After medical registration, he worked with his wife in Lesotho, South Africa and Rhodesia for six months and then returned to England to train – firstly in surgery and then as a plastic surgeon in Oxford, the Birmingham Accident Hospital, Newcastle, Leeds, Bradford, and Melbourne, Australia.

He was appointed a consultant plastic and hand surgeon at Stoke Mandeville Hospital and director of the Oxford Region Burn Unit in 1985. This also involved clinics and/or operating in Reading, Northampton, Buckingham and Milton Keynes. During this time he was actively involved in burn disasters in Bradford, Greece and Hong Kong, and also in planning and teaching for the first Gulf War for which he was made an honorary member of the United States Air Force.
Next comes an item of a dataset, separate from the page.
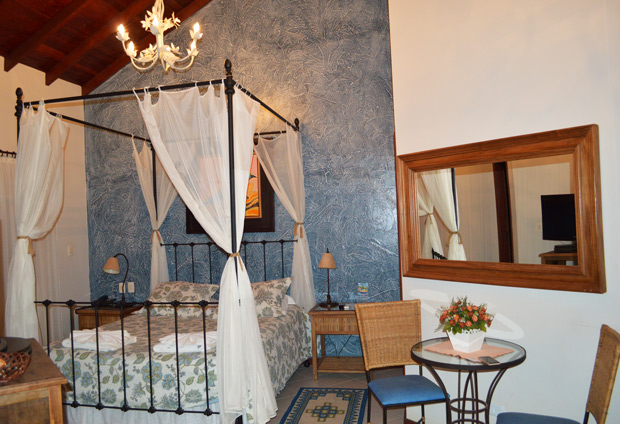 O apartamento em que ficamos, categoria Luxo Especial, era espaçoso, com uma grande cama (Queen Size com dossel), TV a cabo, frigobar completo, uma pequena mesa com duas cadeiras, armário com cofre eletrônico, ar condicionado/aquecedor e sofá, além de uma pequena varanda com vista para área central dos jardins. Enfim, um quarto muito confortável e com uma decoração linda! Assim como outros ambientes do hotel, no quarto há um quadro do artista Isaac de Oliveira que retrata a fauna e a flora da região. O banheiro também era amplo, contava com roupões de banho, amenities e secador. Ah, tem uma ducha maravilhosa!

He later volunteered to work with UKMed in Sarajevo during and after the Bosnian War.

He visited Hong Kong and Cairo to teach and operate for several weeks a year. He was also the travelling professor of the International Society of Burn Injuries to Australia, Hong Kong and Papua New Guinea in 1993.

His other work was teaching junior military surgeons from the United Kingdom, Egypt and Greece. He was the Hon Civilian Consultant Advisor in Plastic Surgery to the Royal Air Force from 1998 to 2002, before being appointed Hon Civilian Consultant.

He retired from full-time NHS work in 2001. He has since worked in disasters in Haiti (with Merlin), in the Philippines (with UK-Med), in South Sudan (with Save the Children), and he worked in wars in Azerbaijan (with University College London), and in Kosovo.

== Research and publications ==
- 1961: British Coke Research Association
- 1961–1964: Research student in chemical engineering at the University of Cambridge, researching heat transfer in fluidised beds
- 1966: ICI Agricultural Division, working on a potential new method of making fertilisers
- 1981–1982: His surgical research has predominantly been on burns and also on hand and reconstructive surgery, including a year in Melbourne at the O'Brien Microvascular Research Centre under Bernard O’Brien and Wayne Morrison
- 1991: Founded the charity Stoke Mandeville Burns and Reconstructive Surgery Research Trust (later renamed Restore – Burn and Wound Research), whose Patron is His Royal Highness, The Duke of Kent KG FRS. Roberts was Chairman (2006–2010) and then President (2011– ). The charity have done major work on the pathology of the burn wound and subsequent attempts to reduce scarring. They have produced multiple research degrees, publications and papers to date.
- He has done ornithological research in the UK, Europe, Australia, USA and Africa from 1976 to the present day

== Books ==
- Scholarship Boy to Engineer, Plastic Surgeon and Sportsman. Published by Matador, part of Troubadour Publishing
- Plastic Surgery in Wars, Disasters and Civilian Life. Published by Frontline Books, a military history imprint of Pen and Sword Books
- Scholarship Boy, Life Away from Work. Published by Troubadour Publishing

== Honours and awards ==
- 2019 – OStJ (Officer of the Venerable Order of St John)
- 2013 – MStJ (Member of the Venerable Order of St John)
- 2012 – OBE (Officer of the Order of the British Empire) For Services to the Medical field, Ornithology and to the Community on the Isle of Wight

== Personal life ==
He married F. E. Vivian Roberts in 1972. She worked as an NHS GP and a police surgeon until 2000. They have two daughters, and four grandchildren.

He has been involved in the continuing restoration of the 14th Century Haseley Manor on the Isle of Wight where they have lived since 2001, and the construction of the Roberts Nature Reserve surrounding it, which was opened by the Earl of Wessex in 2006. He also runs residential ringing courses at Haseley Manor as part of the Isle of Wight Ringing Group.

== Retirement ==
Since retiring from then NHS and the Ministry of Defence, Roberts has continued working and teaching overseas and is on a variety of charitable organisation councils.

He continued as a motor racing doctor, as an expedition doctor with the British Exploring Society and teaching doctors in England, Egypt and Southern Africa until 2022.

His other interests have been travelling, natural history, the Scouts as County Commissioner, then Chairman and now Vice President, and St John Ambulance as County President.